A manipulação sem escrúpulos dos sentimentos religiosos levou milhares de brasileiros às ruas nas principais cidades do país, em 1964, inclusive em São Paulo. As chamadas “Marchas da Família, com Deus, pela Liberdade” foram organizadas pelos dois falsos institutos “de estudos sociais e de ação democrática” – o IPES/IBAD. Neles, empresários e militares tramaram a queda do presidente João Goulart, inconformados com as reformas sociais anunciadas por ele. E reivindicadas também pela Conferência Nacional dos Bispos do Brasil.


No comando das marchas, os golpistas contaram com a ajuda do padre irlandês Patrick Peyton. Este religioso é visto por pesquisadores do Golpe Militar, como Hugh Wilford e Júlio José Chiavenatto, como o agente da CIA que prestou uma grande ajuda à interrupção do regime democrático no Brasil, em 1964. Ele transformou suas supostas cruzadas em favor das orações no atendimento à exigência feita pelos militares antijanguistas de só saírem dos quartéis para implantar uma ditadura no país se existisse apoio nas ruas para eles.


A pretensa defesa da “sociedade ocidental e cristã”, feita pelos golpistas se mostrou como uma mera estratégia de chegada ao poder, com a passagem do tempo.

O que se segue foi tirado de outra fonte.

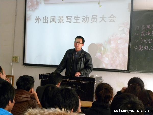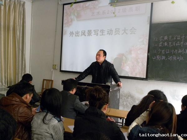 3月21日,“艺术系2012级高职外出风景写生动员大会”成功举行。动员会由孙义主任主持,屠秀栋主任和带队老师王海峰分别就写生前期准备和写生期间学生的学习、生活和安全等相关事宜做了较详尽的讲解。

Em 1978, no 14° aniversário da ditadura, a Igreja Católica, através da Arquidiocese de São Paulo, produziu o mais contundente documento sobre a impostura contida nas falsas preocupações religiosas dos que prepararam a queda de Goulart.


Intitulado “Repressão na Igreja do Brasil”, o documento revelou que durante aqueles anos foram mortos seis padres e um seminarista; treze padres e bispos receberam ameaças de assassinato; oito membros da Igreja (bispos, padres e leigos) foram sequestrados; outros setenta e cinco receberam intimações policiais; dez padres foram expulsos do país e dois foram banidos. Várias emissoras de rádio católicas passaram a funcionar sob censura impiedosa. Foi cassada a concessão da Rádio 9 de Julho, da Arquidiocese de São Paulo. E o jornal “O São Paulo”, também daquela arquidiocese, chegou a ser proibido de publicar até versículos da Bíblia.